As the war lingers on, the defense industry will create new military technologies and vehicles and that means big profits. America produces soldiers and weapons it sends around the world to police other countries. The biggest distortion is when people claim America is not the world's policeman. Bullshit! We are the world's policeman! Who do you think will save us from the falafel-munching religious bomb-wearing zealots? The Norwegians? The Belgians?
Nope, it's good old American know-how and innovation, shipping soldiers halfway around the world to bomb the crap out of some mosque or rat-infested building to take out "insurgents" or "extremists" or whoever we're shooting at that day.

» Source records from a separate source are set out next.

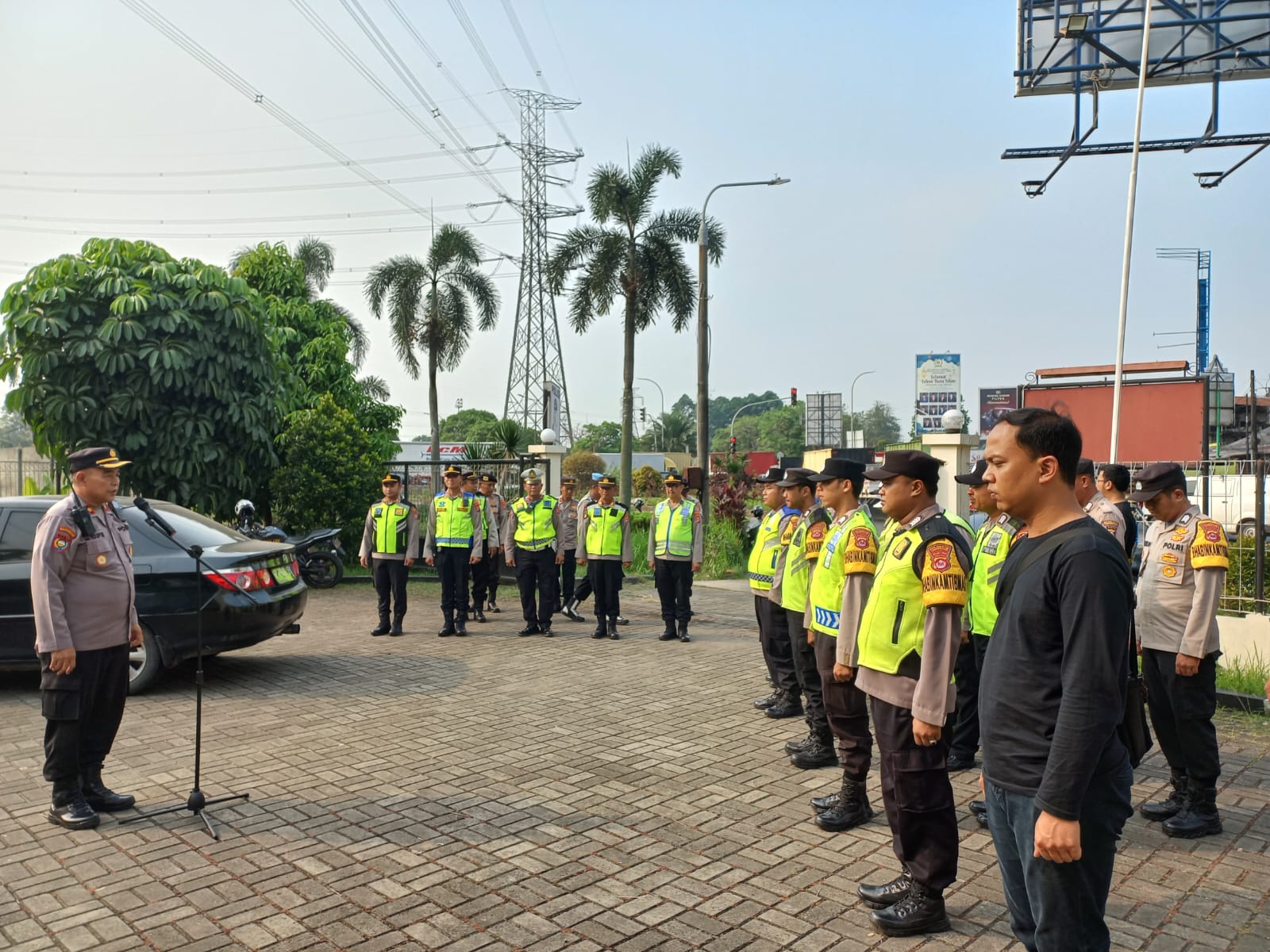 Arahan Kompol M. Supur (Kasat Binmas), “Hari ini kita melaksanakan pengamanan lintasan kepulangan Wakil Presiden R.I, K.H. Ma’ruf Amin ke Tanara.”
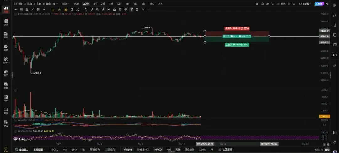 大饼带量突破70392右侧追多,69926带量跌破反抽无法收回右侧追空,带好止损。
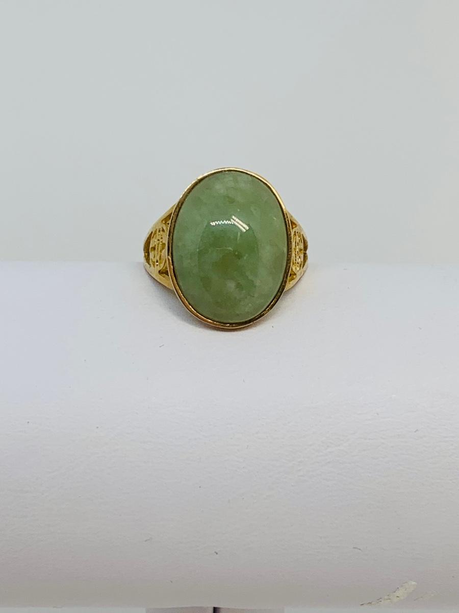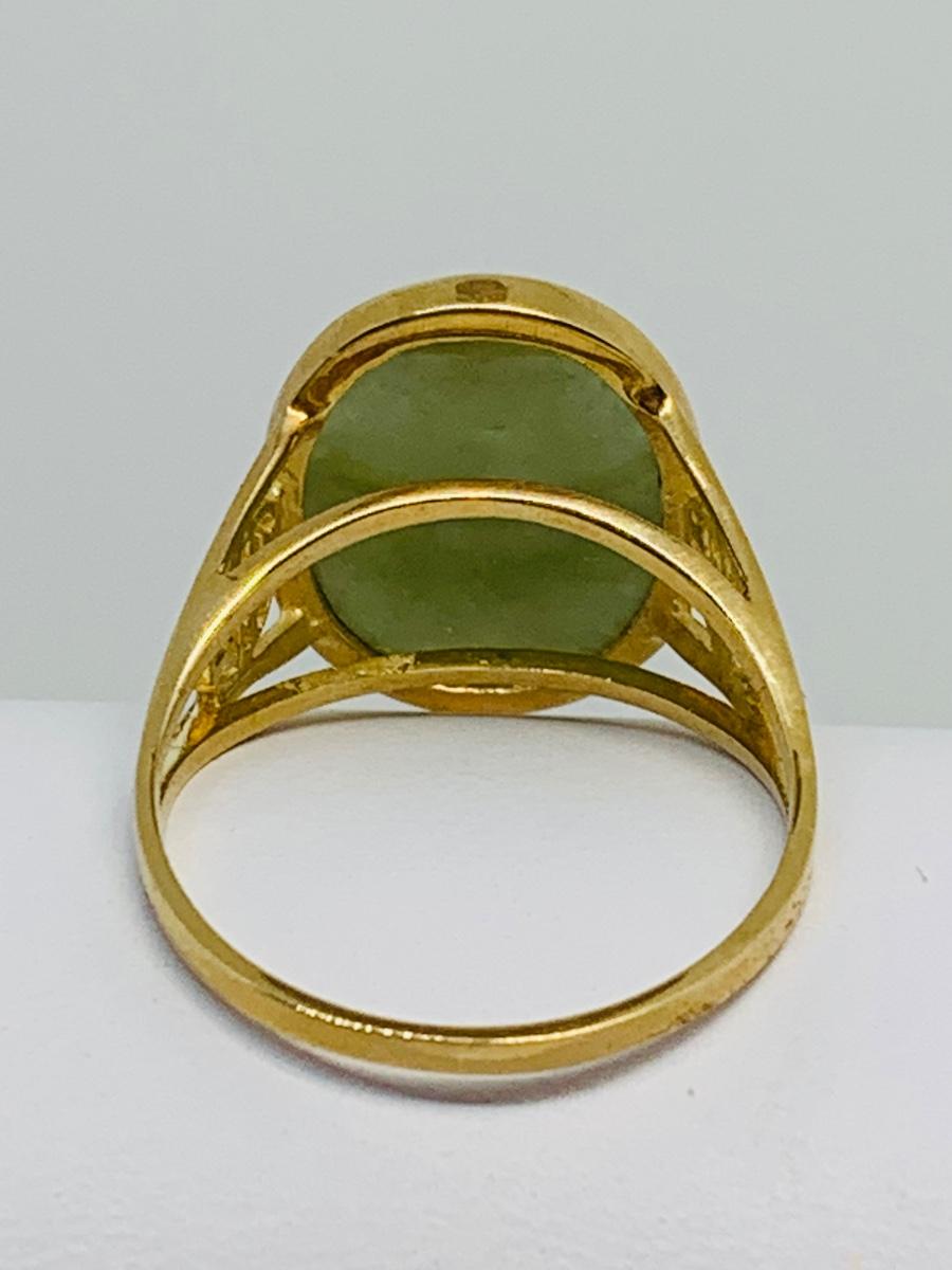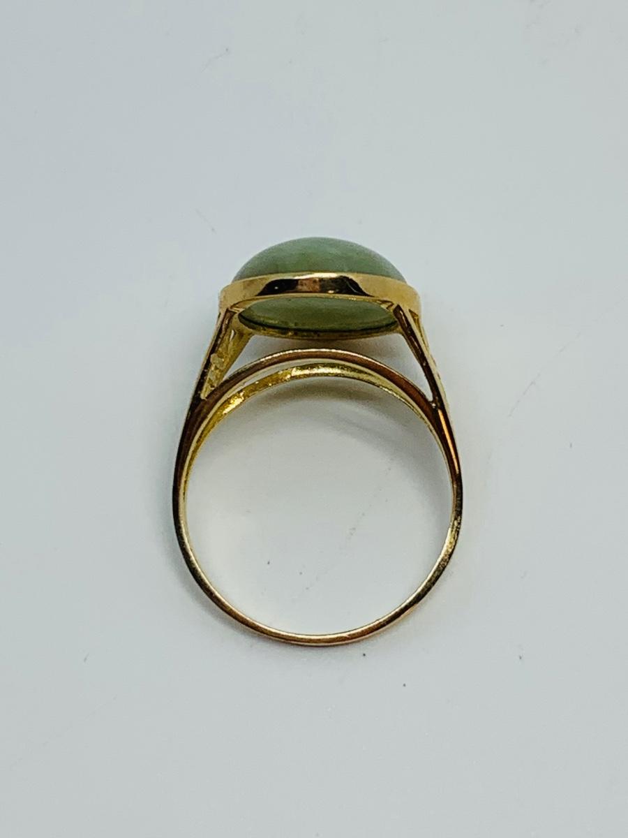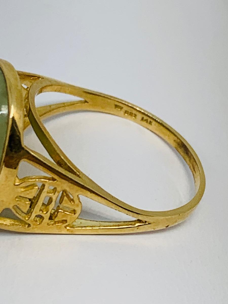 LOT 111: Large Jade 14K Gold Ring - Size 8 - 4.63 gtw

But here's the thing: No matter where you stand on the war, the military or national security, numbers don't lie. This week it was reported 4,000 Americans were killed in this war since it began in 2003. That's more than the people killed in 9/11, which comes to about 3,000. A 2006 Lancet survey estimated 654,965 Iraqi casualties from March 2003 until June of 2006. According to the U.S. government, total costs of the war as of March 2008 was $501 billion. The Congressional Budget Office estimated the war would cost taxpayers $1.9 trillion.
So consult your financial advisors today and get a portfolio in the defense industry. The world may be headed to hell, but that doesn't mean you can't cash in on slaughter and mayhem!